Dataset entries
━━━━

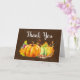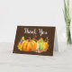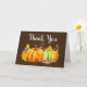 Un carte de remerciements avec un message que vous pouvez personnaliser à l'intérieur. Conçu avec une aquarelle illustrant les citrouilles, les glands, les champignons et les feuilles d'automne saisonnières. Arrière - plan d'aquarelle brun foncé.
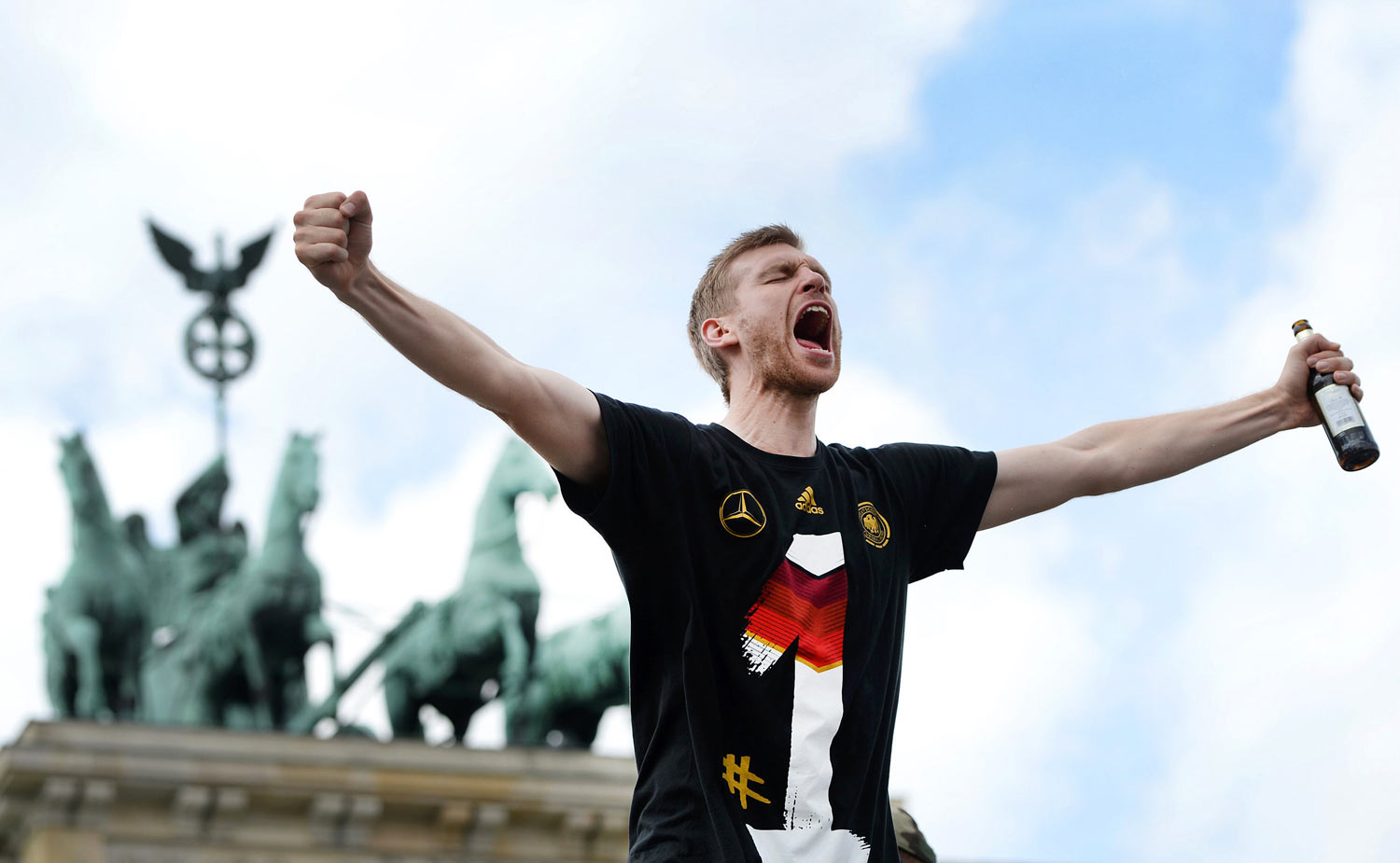 9Endlich angekommen: Per Mertesackers Urschrei am Brandenburger Tor. Foto: Daniel Naupold, dpa
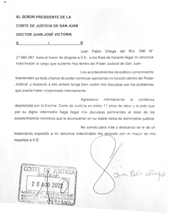 Este diario accedió al escrito que el ahora exfuncionario judicial escribió, dirigido a Juan José Victoria, presidente de la Corte. En el mismo Ortega expone su "renuncia indeclinable al cargo que sustento hoy dentro del Poder Judicial de San Juan".
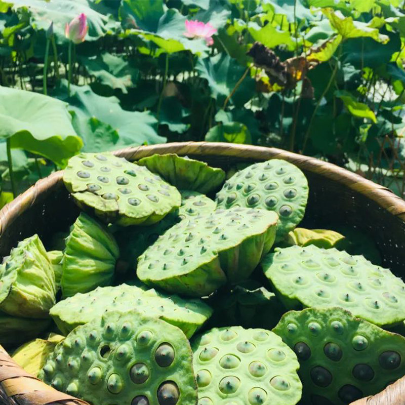 采莲蓬,剥莲蓬,去外皮,手工通心,一道道工序
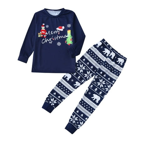 Christmas Pajamas for Family Parent-Child Outfit Winter Fall 2PCS Cartoon Letter Top+Deer Pants Clothes Pajama Sets

━━━━

= WHAT YOU NEED TO DO =
Word for word, give the entries back in full; the pictures do not belong in the copy.

= RESPONSE AREA =
 Un carte de remerciements avec un message que vous pouvez personnaliser à l'intérieur. Conçu avec une aquarelle illustrant les citrouilles, les glands, les champignons et les feuilles d'automne saisonnières. Arrière - plan d'aquarelle brun foncé.
 9Endlich angekommen: Per Mertesackers Urschrei am Brandenburger Tor. Foto: Daniel Naupold, dpa
 Este diario accedió al escrito que el ahora exfuncionario judicial escribió, dirigido a Juan José Victoria, presidente de la Corte. En el mismo Ortega expone su "renuncia indeclinable al cargo que sustento hoy dentro del Poder Judicial de San Juan".
 采莲蓬,剥莲蓬,去外皮,手工通心,一道道工序
 Christmas Pajamas for Family Parent-Child Outfit Winter Fall 2PCS Cartoon Letter Top+Deer Pants Clothes Pajama Sets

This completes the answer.